──────── Source data ────────
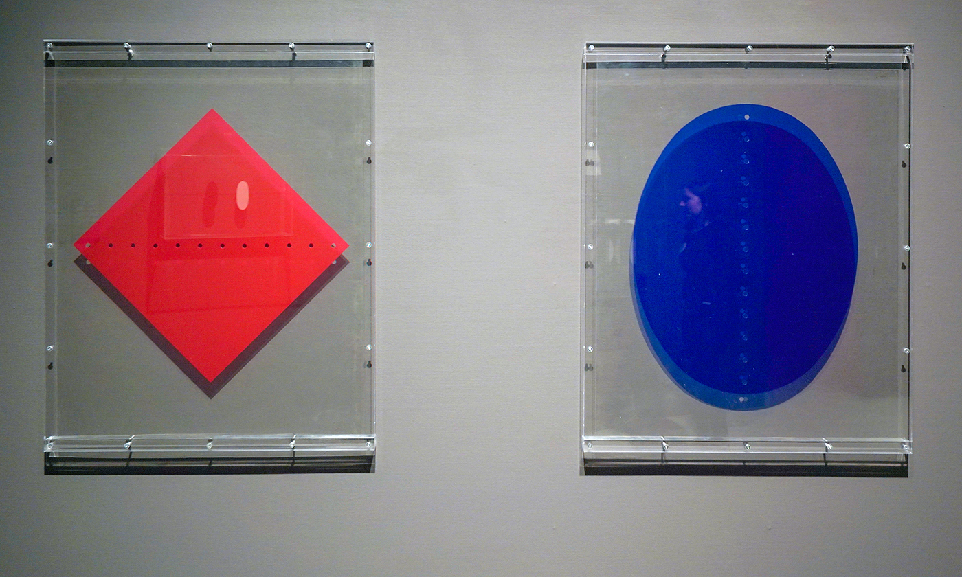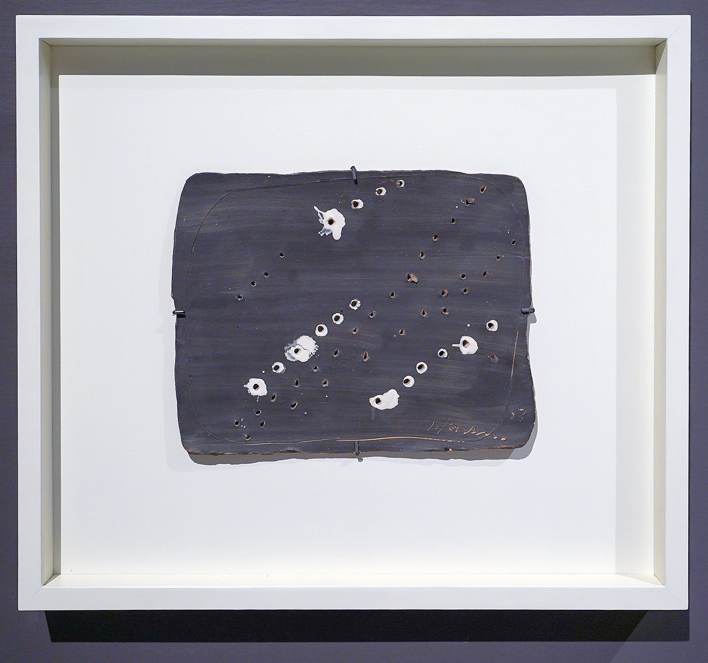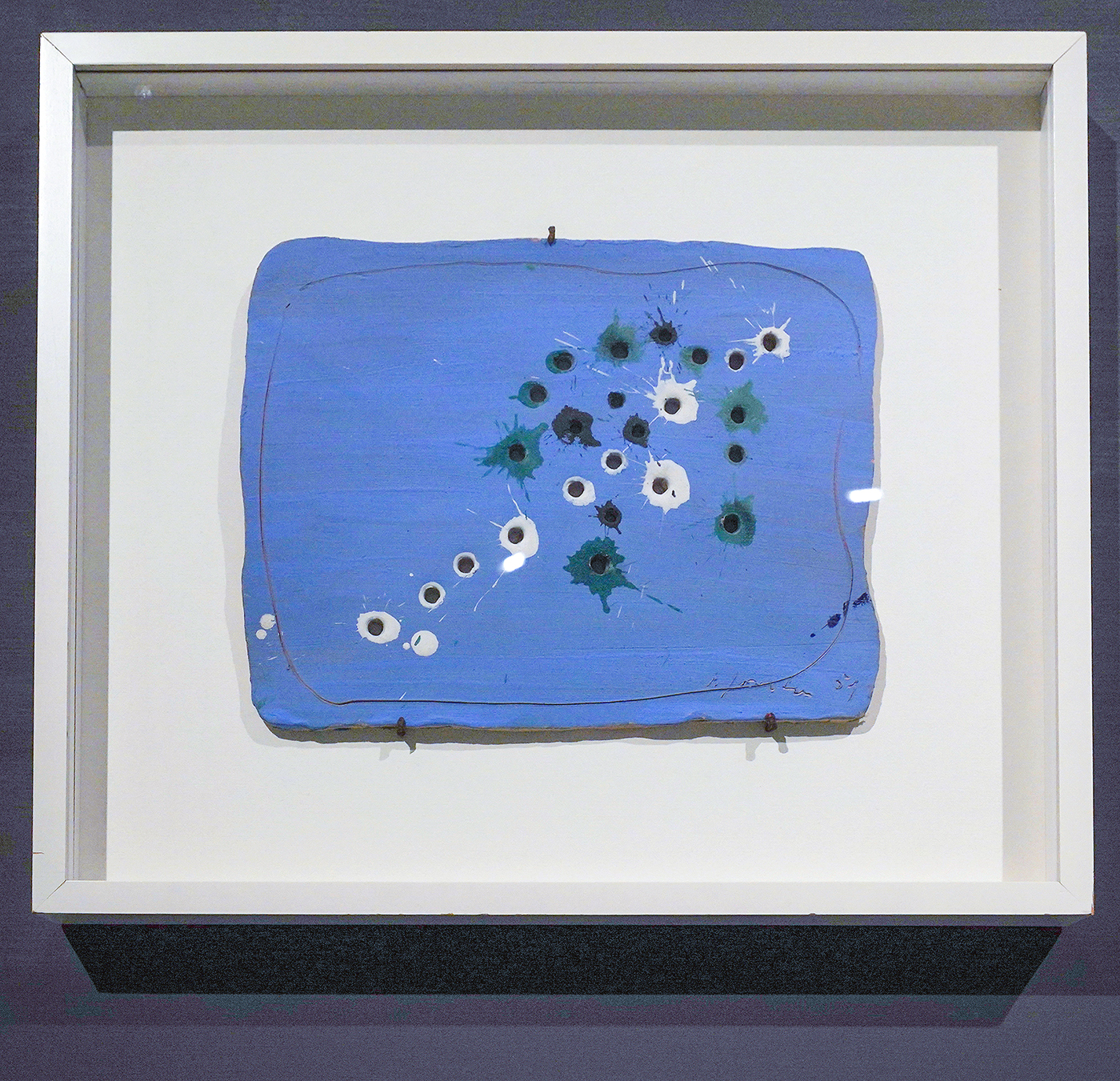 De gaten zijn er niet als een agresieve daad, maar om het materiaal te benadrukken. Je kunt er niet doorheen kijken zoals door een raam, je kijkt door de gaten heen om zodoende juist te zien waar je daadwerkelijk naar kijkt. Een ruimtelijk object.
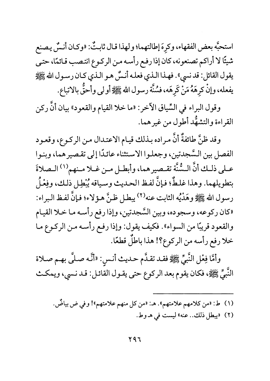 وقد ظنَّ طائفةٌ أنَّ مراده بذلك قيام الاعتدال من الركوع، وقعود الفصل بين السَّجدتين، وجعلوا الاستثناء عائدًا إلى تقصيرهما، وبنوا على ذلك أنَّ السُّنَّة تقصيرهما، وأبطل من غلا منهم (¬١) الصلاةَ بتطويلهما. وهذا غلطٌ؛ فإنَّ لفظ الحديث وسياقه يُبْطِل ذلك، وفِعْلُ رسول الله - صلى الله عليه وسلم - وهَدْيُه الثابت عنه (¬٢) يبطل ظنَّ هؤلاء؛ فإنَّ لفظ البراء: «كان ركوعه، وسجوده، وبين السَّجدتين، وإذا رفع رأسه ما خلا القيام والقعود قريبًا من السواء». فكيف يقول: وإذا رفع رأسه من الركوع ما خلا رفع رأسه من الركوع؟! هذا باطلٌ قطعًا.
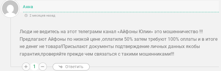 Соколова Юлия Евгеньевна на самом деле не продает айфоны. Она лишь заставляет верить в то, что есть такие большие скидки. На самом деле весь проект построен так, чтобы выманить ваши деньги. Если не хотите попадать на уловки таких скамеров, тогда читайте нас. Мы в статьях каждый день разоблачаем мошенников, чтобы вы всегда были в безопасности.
────────
──────── Source data ────────
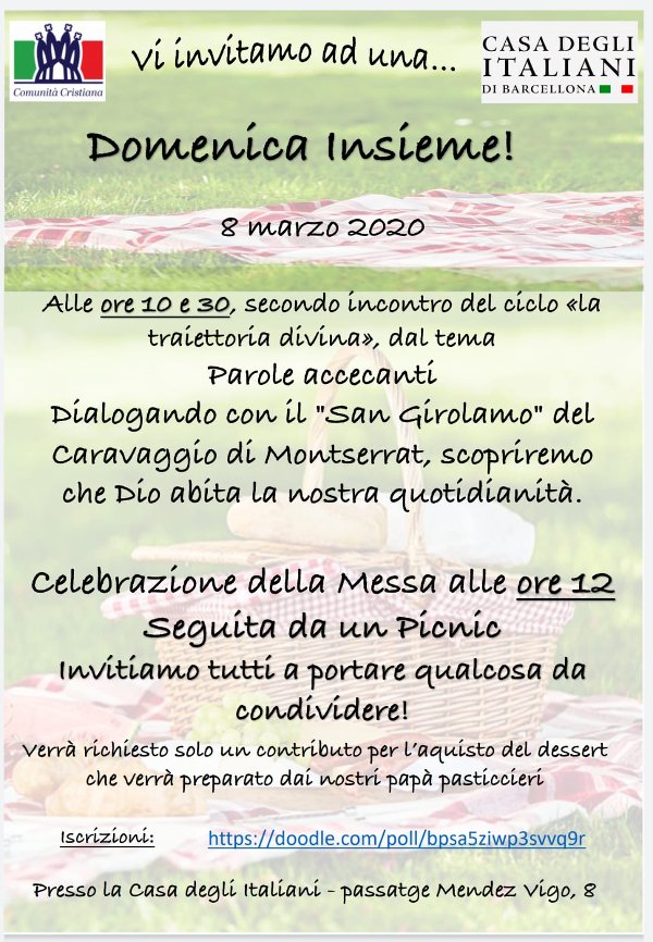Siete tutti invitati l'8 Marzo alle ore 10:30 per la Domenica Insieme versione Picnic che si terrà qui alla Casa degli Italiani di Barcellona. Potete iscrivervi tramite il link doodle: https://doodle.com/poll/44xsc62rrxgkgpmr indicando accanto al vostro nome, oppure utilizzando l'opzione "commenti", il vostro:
────────
● **What this task involves**:
All that should be printed is the run of lines above from the one with "De gaten zijn" through the one with "Соколова Юлия Евгеньевна", both included, exactly as given, with pictures left out.

● **Solution for this exercise**:
 De gaten zijn er niet als een agresieve daad, maar om het materiaal te benadrukken. Je kunt er niet doorheen kijken zoals door een raam, je kijkt door de gaten heen om zodoende juist te zien waar je daadwerkelijk naar kijkt. Een ruimtelijk object.
 وقد ظنَّ طائفةٌ أنَّ مراده بذلك قيام الاعتدال من الركوع، وقعود الفصل بين السَّجدتين، وجعلوا الاستثناء عائدًا إلى تقصيرهما، وبنوا على ذلك أنَّ السُّنَّة تقصيرهما، وأبطل من غلا منهم (¬١) الصلاةَ بتطويلهما. وهذا غلطٌ؛ فإنَّ لفظ الحديث وسياقه يُبْطِل ذلك، وفِعْلُ رسول الله - صلى الله عليه وسلم - وهَدْيُه الثابت عنه (¬٢) يبطل ظنَّ هؤلاء؛ فإنَّ لفظ البراء: «كان ركوعه، وسجوده، وبين السَّجدتين، وإذا رفع رأسه ما خلا القيام والقعود قريبًا من السواء». فكيف يقول: وإذا رفع رأسه من الركوع ما خلا رفع رأسه من الركوع؟! هذا باطلٌ قطعًا.
 Соколова Юлия Евгеньевна на самом деле не продает айфоны. Она лишь заставляет верить в то, что есть такие большие скидки. На самом деле весь проект построен так, чтобы выманить ваши деньги. Если не хотите попадать на уловки таких скамеров, тогда читайте нас. Мы в статьях каждый день разоблачаем мошенников, чтобы вы всегда были в безопасности.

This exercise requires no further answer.